Namun Rasulullah shallallahu ‘alaihi
wasallam justru menunjukkan kedudukan Ali yang sangat tinggi seraya
bersabda, “Apakah engkau tidak ridha kalau kedudukanmu di sisiku seperti
kedudukan Harun di sisi Musa, hanya saja tidak ada kenabian sesudahku.”
(HR. al-Bukhari dan Muslim).
-Beliau juga adalah salah satu dari
sepuluh orang yang telah mendapat “busyra biljannah” (berita gembira
sebagai penghuni surga), sebagaimana dinyatakan di dalam hadits yang
diriwayatkan oleh al-Hakim di dalam al-Mustadrak.
-Nabi shallallahu ‘alaihi wasallam telah
menyatakan kepada Ali radhiyallahu ‘anhu, “bahwa tidak ada yang
mencintainya kecuali seorang Mukmin dan tidak ada yang membencinya,
kecuali orang munafik.” (HR. Muslim)
-Rasulullah shallallahu ‘alaihi wasallam juga pernah bersabda kepada Ali radhiyallahu ‘anhu,
أَنْتَ مِنِّيْ وَأَنَا مِنْكَ.
“Engkau adalah bagian dariku dan aku adalah bagian darimu.” (HR. al-Bukhari).
-Beliau juga sangat dikenal dengan
kepandaian dan ketepatan dalam memecahkan berbagai masalah yang sangat
rumit sekalipun, dan beliau juga seorang yang memiliki `abqariyah
qadha’iyah (kejeniusan dalam pemecahan ketetapan hukum) dan dikenal
sangat dalam ilmunya. (Lihat: Aqidah Ahlussunnah fi ash-Shahabah, jilid
I, halaman 283).
Ali bin Abi Thalib menjadi Khalifah:
Ketika Ali bin Abi Thalib diangkat
menjadi khalifah keempat, situasi dan suasana kota Madinah sangat
mencekam, dikuasai oleh para pemberontak yang telah menodai tanah suci
Madinah dengan melakukan pembunuhan secara keji terhadap Khalifah
ketiga, Uts-man bin ‘Affan radhiyallahu ‘anhu.
Ali bin Abi Thalib dalam pemerintahannya benar-benar menghadapi dilema besar yang sangat rumit, yaitu:
1) Kaum pemberontak yang jumlahnya sangat banyak dan menguasai Madinah.
2) Terbentuknya kubu penuntut penegakan
hukum terhadap para pemberontak yang telah membunuh Utsman bin ‘Affan,
yang kemudian melahirkan perang saudara, perang Jamal dan Shiffin.
3) Kaum Khawarij yang dahulunya adalah para pendukung dan pembela beliau kemudian berbalik memerangi beliau.
Namun dengan kearifan dan kejeniusan
beliau dalam menyikapi berbagai situasi dan mengambil keputusan, beliau
dapat mengakhiri pertumpahan darah itu melalui albitrasi (tahkim),
sekalipun umat Islam pada saat itu masih belum bersatu secara penuh.
Abdurrahman bin Muljam, salah seorang
pentolan Khawarij memendam api kebencian terhadap Ali bin Abi Thalib,
karena dianggap telah menghabisi rekan-rekannya yang seakidah, yaitu
kaum Khawarij di Nahrawan.

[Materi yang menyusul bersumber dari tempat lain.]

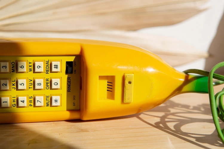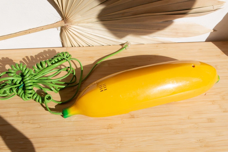 This is a super FUN and working vintage banana shaped push button phone…used as a great condo buzzer for last few years. No longer needed or keep forever 💛🍌

Maka dari itu ia melakukan makar bersama dua
orang rekannya yang lain, yaitu al-Barak bin Abdullah dan Amr bin Bakar
at-Tamimi, untuk menghabisi Ali, Mu’awiyah dan Amr bin al-’Ash, karena
dia anggap sebagai biang keladi pertumpahan darah.
Al-Barak dan Amr gagal membunuh Mu’awiyah
dan Amr bin al-’Ash, sedangkan Ibnu Muljam berhasil mendaratkan
pedangnya di kepala Amirul Mukminin, Ali bin Abi Thalib, pada dini hari
Jum’at, 17 Ramadhan, tahun 40 H. dan beliau wafat keesokan hari-nya.